FWIW, I have implemented a query-able stand-alone web server that keeps all of the wikidata property-item-links in memory. This uses the wikidata dumps which appear to be rather frequent. I'll try do deploy a test version on wikilabs (once I figure out how all that works); it seems to be more favourable to such services than the toolserver.
On Fri, Apr 19, 2013 at 9:29 AM, Platonides platonides@gmail.com wrote:
On 19/04/13 01:19, DaB. wrote:
as you may know there is a rev_text_id-field in the revision-table.
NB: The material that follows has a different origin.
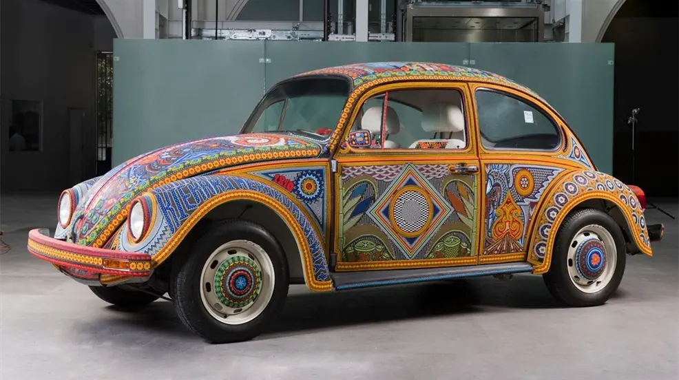 El Vochol es un Volkswagen Sedán, comúnmente conocido como “Vocho”, decorado con más de 2 millones de cuentas de chaquira aplicadas a mano por artesanos huicholes. Cada centímetro del automóvil está cubierto con intrincados diseños que representan la cosmogonía y las tradiciones del pueblo wixárika (huichol), utilizando colores vivos y patrones detallados que cuentan historias ancestrales.

This
field
points to the text-table where the actual text is – or should be.
Because the
WMF doesn’t store the text here, but only a pointer
("DB://cluster25/11458305"
for example). If you query different wikis you will see that most of
them point
to the same cluster or one with a number short by. That says me (and I
was
also told so before) that all text of all wmf-projects are stored
together.
The task would now to separate wikidata from the rest – but the
storage-area
has no clue from where a text is which makes the separating very hard.
And
there is another problem: Deleted texts are also in this area, so even
more
filtering would be needed. I very doubt that this situation will change at the TS and I also doubt
that
it will be different for WikiLabs. So I guess your best bet is the API
here.
Sincerely, DaB.
I think the only hope would be if wikidata was stored under its own cluster (for easier differenciation) and at least one server of that group (the master?) only had that (so toolserver could get its binlogs).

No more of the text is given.